Let there be \(\mathfrak{B}\in \mathbb{N}\) units of δt in Δτ̅. For temporal continuity between the timescales, the number of new transmission after one compound generation in the transmissible timescale must equal the new transmissions after \(\mathfrak{B}\) generations in the rhythmic timescale. Alternatively, the new infections after \(\mathfrak{B}\delta t\) in the rhythmic timescale are the same as after Δτ̅ in the transmissible timescale [52]. The temporal continuity condition can be formalised as

$$\begin{aligned} {}_{\tau}T(t+ \Delta \overline{\tau}) - {}_{\tau}T(t) = {}_{\rho}T(t + \mathfrak{B}\delta t) -{}_{\rho}T(t)\quad \forall t, \end{aligned}$$

where ρ identifies the rhythmic timescale. Using a binomial expansion to enforce continuity, the transmissible timescale ODE system (5) reduces to

$$\begin{aligned}& {}_{\rho}\dot{S}(t) = - \sqrt[\mathfrak{B}]{\beta _{A}\rho _{n}^{2}N} \frac{S(t) T(t)}{N(\mathbf{x})}, \\& {}_{\rho}\dot{T}(t) = \sqrt[\mathfrak{B}]{\beta _{A} \rho _{n}^{2}N} \frac{S(t) T(t)}{N(\mathbf{x})} - \sqrt[ \mathfrak{B}]{{}_{\tau}\alpha } T(t), \\& {}_{\rho}\dot{R}(t) = \sqrt[\mathfrak{B}]{{}_{\tau} \alpha } T(t) \end{aligned}$$

in the rhythmic timescale [52], where τα is the infection frequency in the transmissible timescale. The HI-STR model’s rhythmic timescale basic reproduction number for SIP z is then [52, 246]

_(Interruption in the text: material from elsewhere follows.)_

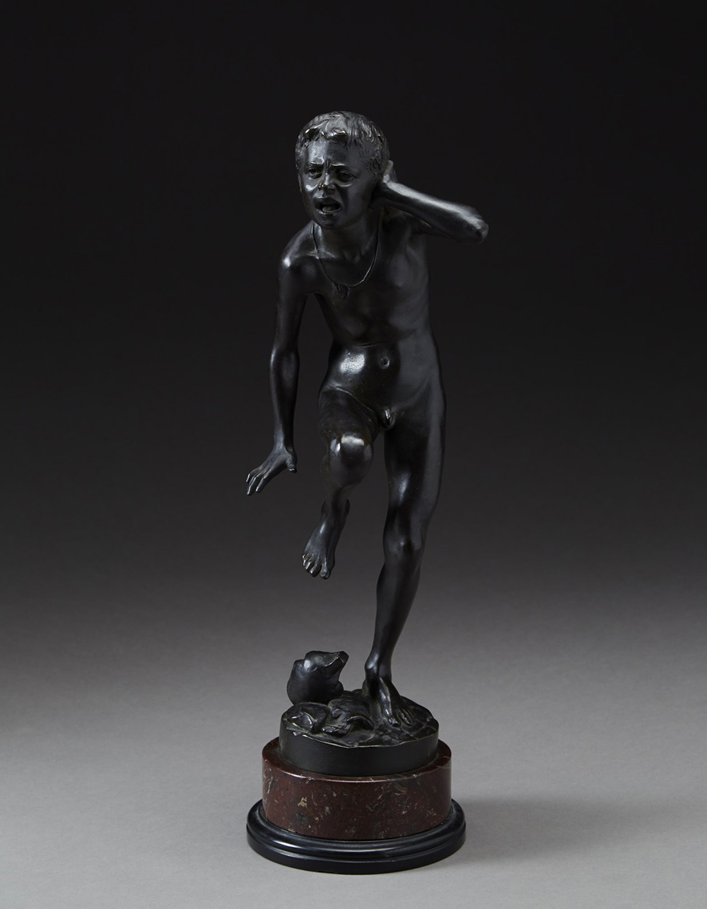 Michele Tripisciano Caltanissetta (1860- 1913) "Cocci rotti" scultura in bronzo (h cm 38) poggiante su base in marmo Firmata al retro (difetti)

$$ {}_{\rho}^{z}\mathcal{R}_{0} = \sqrt[\mathfrak{B}]{\frac{\beta _{A} \,\times \, {}^{z}\rho _{n}^{2} \,\times \, {}^{z}N}{{}_{\tau}\alpha}}. $$
(6)

Both \(\beta _{A}\) and τα are dependent on social behaviour, which may be cultural [47, 57, 247]. These are assumed constant for populations with SSSB. There is a subtle difference between Böckh’s \(\mathcal{R}_{0}\) and its rhythmic timescale equivalent \({}_{\rho}\mathcal{R}_{0}\). The former only counts new infections in the second generation, whereas the latter also counts new infections in subsequent generations, provided that they are infected in the primary host’s transmissible period. Nevertheless, these are used interchangeably here [52]. Equation (6) is recognised as the geometric mean of the \(\mathcal{R}_{0}\)s for the \(\mathfrak{B}\) generations in the rhythmic timescale that constitute a compound generation in the transmissible timescale.

Dividing Equation (6) for SIP z by the same for SIP y with SSSB derives

$$ \frac{{}^{z}\mathcal{R}_{0}}{{}^{y}\mathcal{R}_{0}} = \sqrt[\mathfrak{B}]{\frac{{}^{z}\rho _{n}^{2}\,\times \,{}^{z}N}{{}^{y}\rho _{n}^{2}\,\times \,{}^{y}N}} $$

– the origin of Equation (1). It is assumed that the anglophone UK and USA have similar concepts of personal space and familiarity with an associated hierarchy of physical interaction rituals [248] such that Equation (1) applies. A metric for SSSB was not identified. Conceivably, host social behaviour could be sufficiently similar across all SIPs. In this case, Equation (1) is a universal scaling law (independent of social behaviour) and should be compared with Cardoso and Gonçalves’ universal scaling law [22] obtained by regression. The UK and USA were selected to increase the likelihood of a successful validation. From Fig. 3, projection should provide the states most connected to the UK an additional week to prepare based on \(\widetilde{\mathcal{R}}_{0}\). The ancestral SARS-CoV2 pathogen was selected because transmission dynamics data were available; there was no interference from VOCs, and the ICL group used the same \(\mathcal{R}_{0}\) estimation method for the ancestral SARS-CoV2 in both the USA and the UK.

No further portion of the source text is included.